[Information given — start]
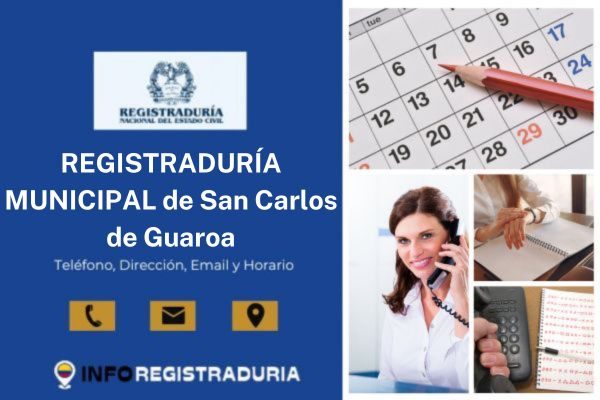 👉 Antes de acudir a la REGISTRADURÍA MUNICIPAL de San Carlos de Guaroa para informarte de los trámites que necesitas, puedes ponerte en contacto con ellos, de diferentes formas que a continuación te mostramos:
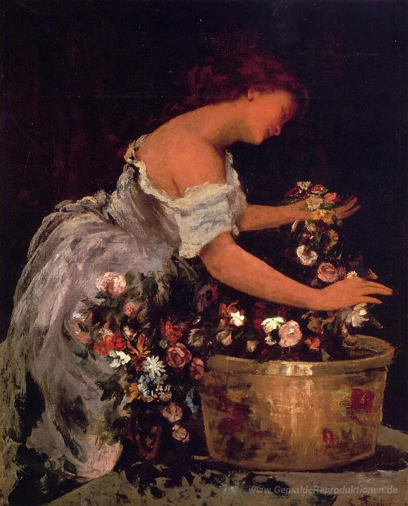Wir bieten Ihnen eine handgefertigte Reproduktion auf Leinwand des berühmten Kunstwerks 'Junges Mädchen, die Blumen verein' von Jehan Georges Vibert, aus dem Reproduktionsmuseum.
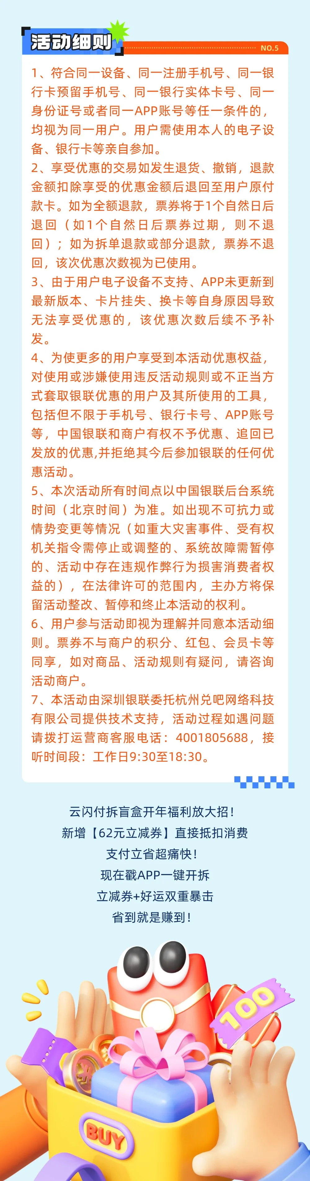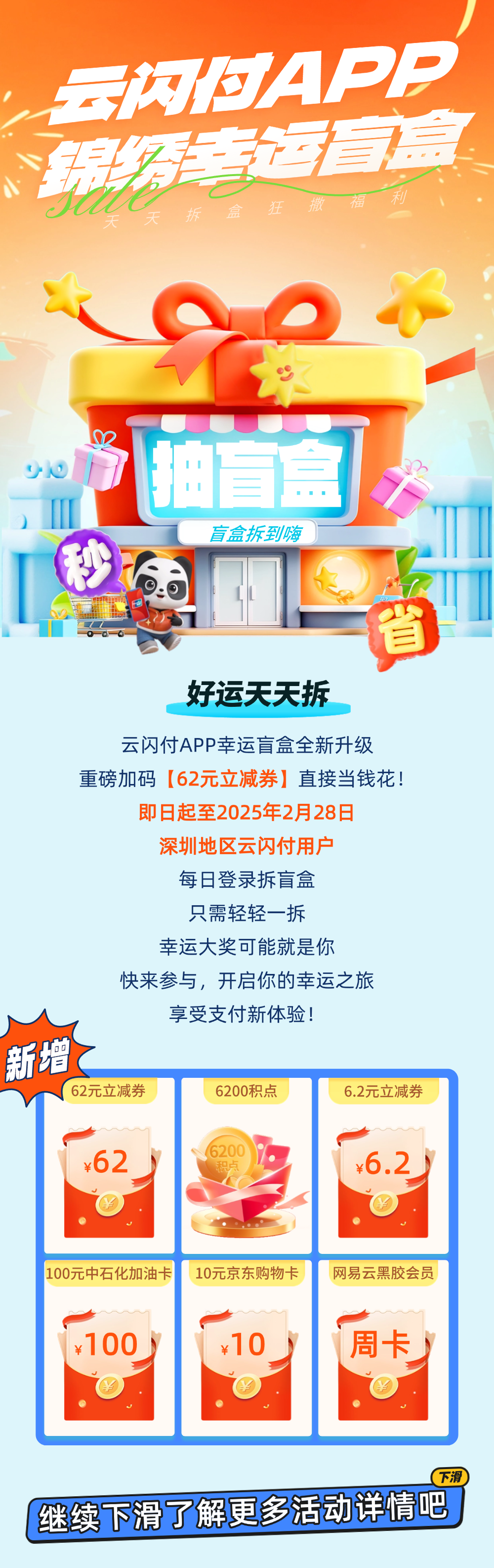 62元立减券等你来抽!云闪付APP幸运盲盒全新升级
[Information given — finish]
[Information given — start]
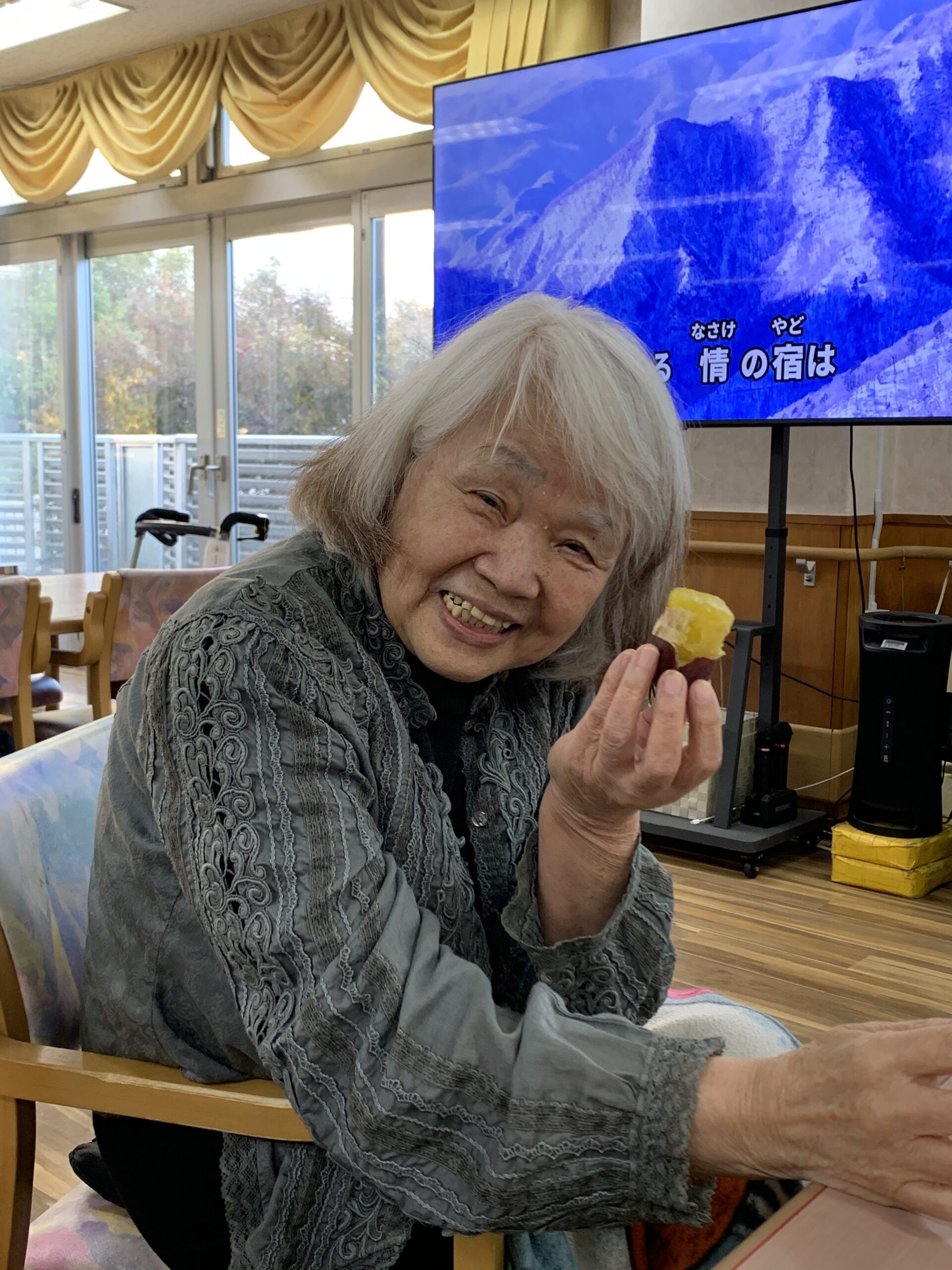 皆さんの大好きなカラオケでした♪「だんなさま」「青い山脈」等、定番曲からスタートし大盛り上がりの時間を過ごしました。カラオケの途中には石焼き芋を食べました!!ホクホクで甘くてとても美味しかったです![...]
[Information given — finish]
[Information given — start]
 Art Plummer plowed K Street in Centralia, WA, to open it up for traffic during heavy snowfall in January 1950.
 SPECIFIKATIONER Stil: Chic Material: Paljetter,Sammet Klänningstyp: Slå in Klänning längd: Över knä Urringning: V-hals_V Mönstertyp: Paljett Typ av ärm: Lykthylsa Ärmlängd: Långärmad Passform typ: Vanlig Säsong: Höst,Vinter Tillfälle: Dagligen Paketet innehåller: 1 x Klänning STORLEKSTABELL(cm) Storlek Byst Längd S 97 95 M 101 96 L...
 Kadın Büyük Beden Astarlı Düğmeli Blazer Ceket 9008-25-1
[Information given — finish]
Exercise prompt: An exact copy of the lines above from the one with "Antes de acudir" up to and including the one with "62元立减券等你来抽!云闪付APP幸运盲盒全新升级" is required; reproduce only those lines, omitting all pictures.

Task response:
 👉 Antes de acudir a la REGISTRADURÍA MUNICIPAL de San Carlos de Guaroa para informarte de los trámites que necesitas, puedes ponerte en contacto con ellos, de diferentes formas que a continuación te mostramos:
Wir bieten Ihnen eine handgefertigte Reproduktion auf Leinwand des berühmten Kunstwerks 'Junges Mädchen, die Blumen verein' von Jehan Georges Vibert, aus dem Reproduktionsmuseum.
 62元立减券等你来抽!云闪付APP幸运盲盒全新升级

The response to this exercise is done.